Mr. Tinsley, who has also worked as a reporter and copy editor, said that decisions about what meets a newspaper’s standards are typically determined by editors and reader polls, and “occasionally publishers.”
“In this case, all of those people were bypassed,” he said. “Fifty-five local papers’ staffs, and readers, were overruled, in one day, by a central corporate office.”
Those newspapers include the Arizona Republic, the Austin American-Statesman, the Detroit Free Press, the Indianapolis Star, the Oklahoman, and the Pueblo Chieftain, he said.
Gannett operates 261 daily newspapers, “including USA TODAY and our local property network in the U.S. and Guam, with total paid circulation of over 2.5 million and Sunday circulation of 3.3 million,” as 302 weekly newspapers with a total circulation of about 1.7 million, according to the company’s 2019 annual report.
Mr.
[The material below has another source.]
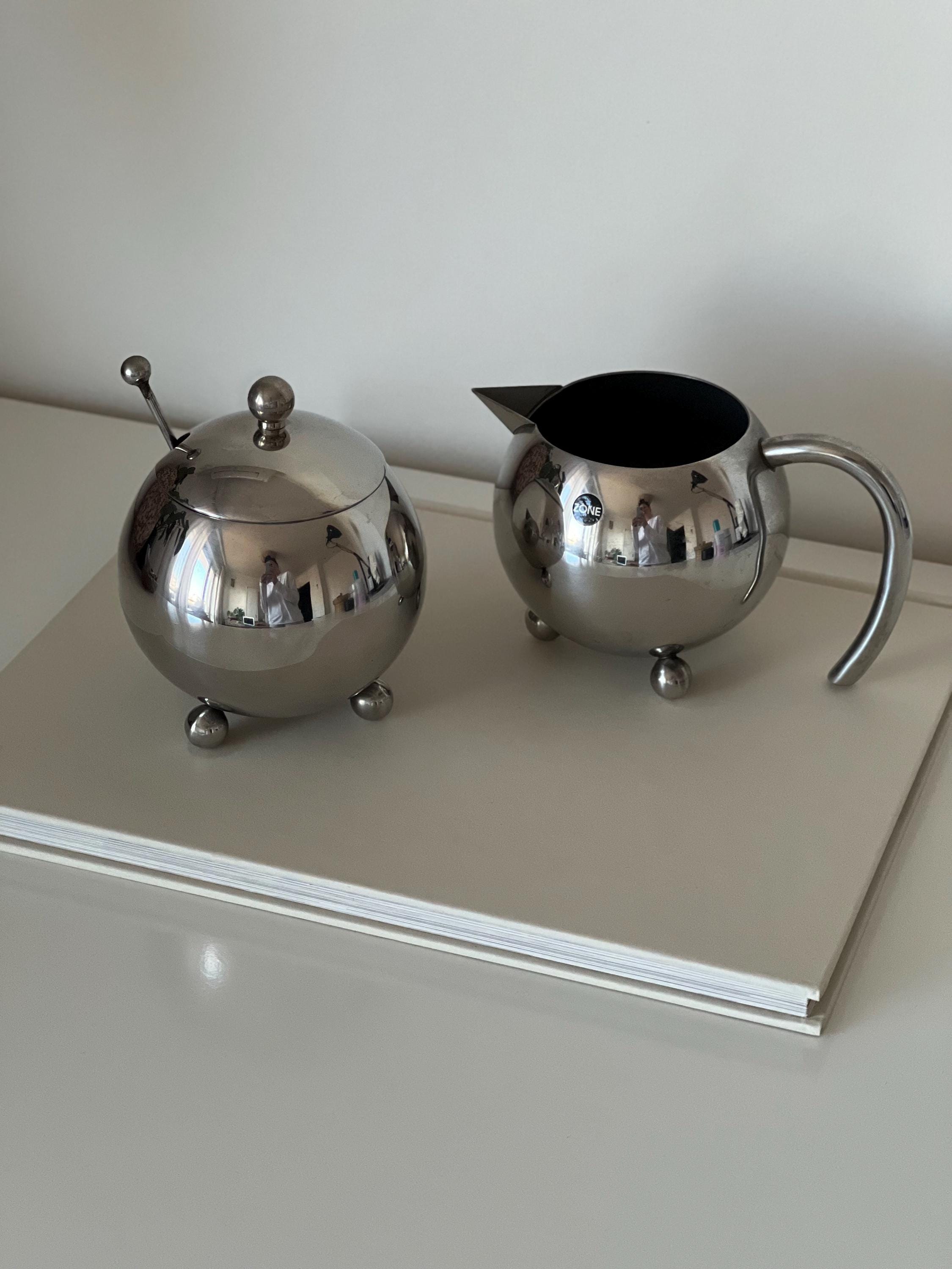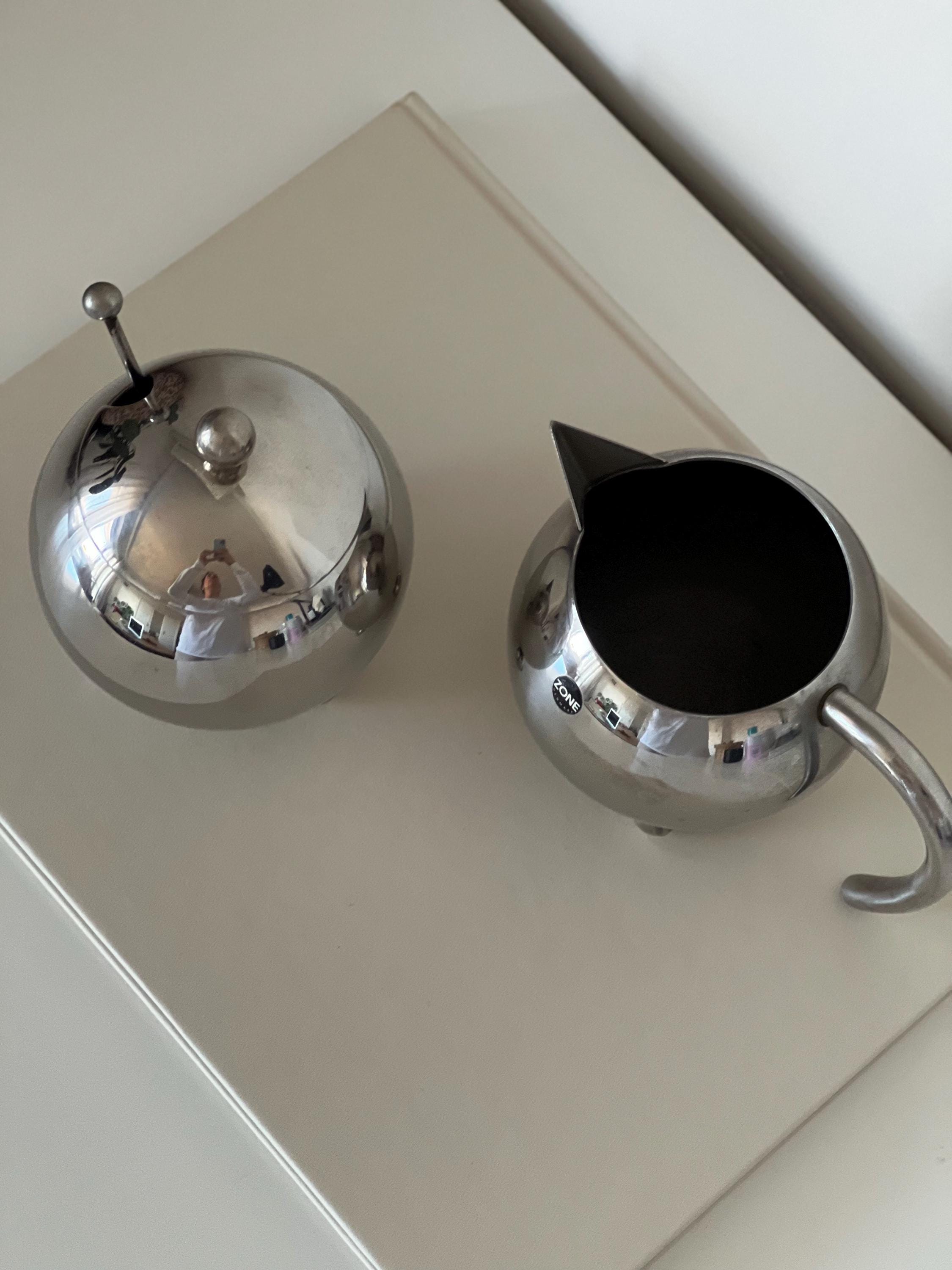 Vintage ZONE Denmark creamer and sugar bowl set in stainless steel, minimalist Scandinavian coffee service with sculptural rounded form, perfect for modern coffee bar decor.

Tinsley speculated that the company may be reacting to pushback over the decision to cancel his cartoon.
“If I could guess why a giant media corporation might want to give inquiring reporters the impression that a political comic strip was canceled because of nebulous ‘standards,’ instead of the message of particular cartoons,” he said, “I’d guess that it might be because of the recent popular backlash against a ‘Cancel Culture,’ that favors suppression of free discussion and debate over healthy, robust dialogue.”
He called such debate “the stuff that Americans, at their best, are all about.”